First, sorry for the delay on this week's "Crossroads" podcast. We had some technical difficulties, which happens every now and then in the Tower of Babel environment that is the Internet. Every now and then the software gods just don't get along.
The topic of my chat this week with host Todd Wilken (click here to tune that in) was, on one level, the box-office problems of the latest version of "Ben-Hur: A Tale of the Christ." But my earlier post on this topic also focused on the ongoing interest, in the mainstream media, in Hollywood's quest to tap into the "Christian" movie market, in the wake of the $611 million box office haul taken in by Mel Gibson's "The Passion of the Christ."
It's a great story and a very timely one. Basically, the folks behind the new Ben-Hur made a big-budget religion-niche movie, thinking that the young, male, action-movie demographic would show up for the chariot race scene.
What chariot race scene, you ask?

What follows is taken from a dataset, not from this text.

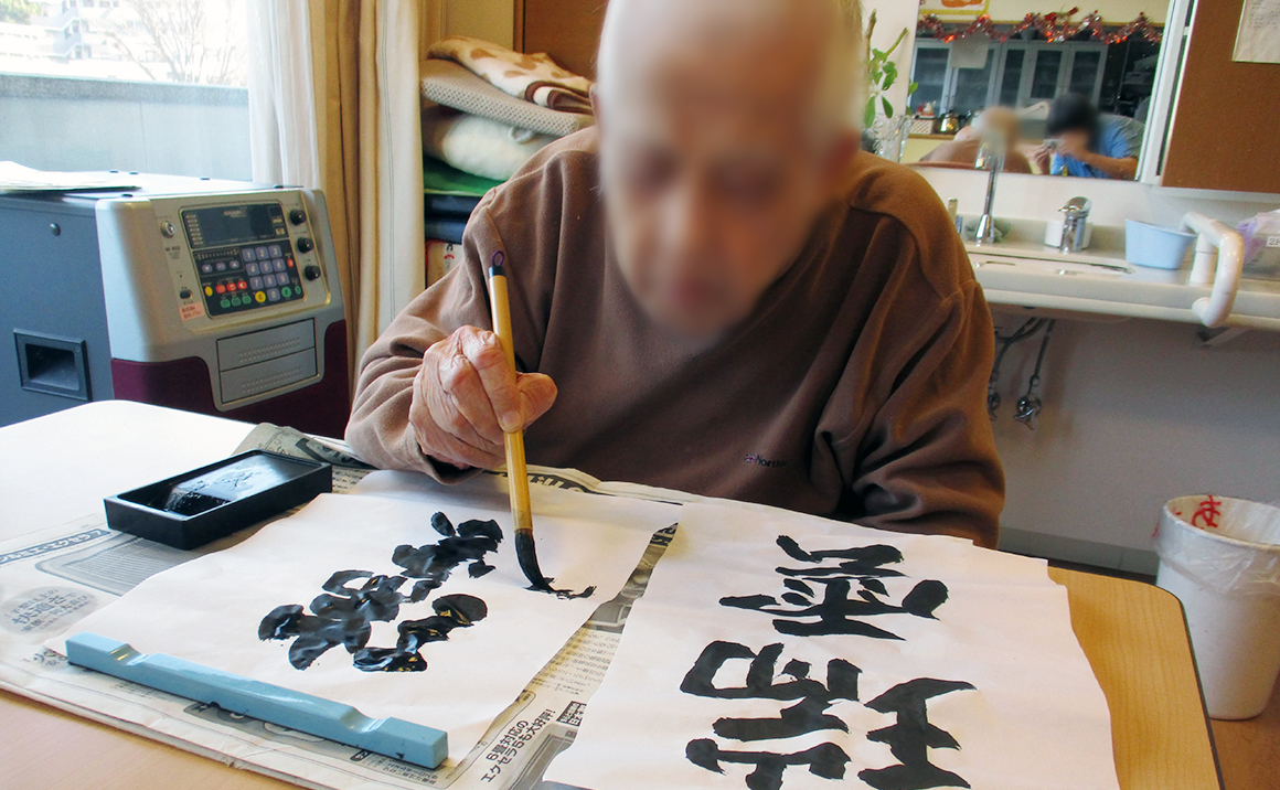 2日は、お正月の風物詩、書初めをしました。普段レクリエーションに乗り気でないご利用者様も、書初めはお好きのようでしっかり筆を握っておられました。

Well, the one that movie scholars -- but not, it's safe to say, today's video-game fanatics -- remember with awe from the 1959 classic.
What were the producers of the new flick thinking?
That would be a great hard-news story, methinks, as opposed to a kind of no-sources analysis thumbsucker like the Atlantic piece I previously discussed.
Well, what do you know? The Los Angeles Times team produced a real news story about this bad, bad summer in Hollywood. The headline: "Hollywood's summer problem? Reboots people don't want."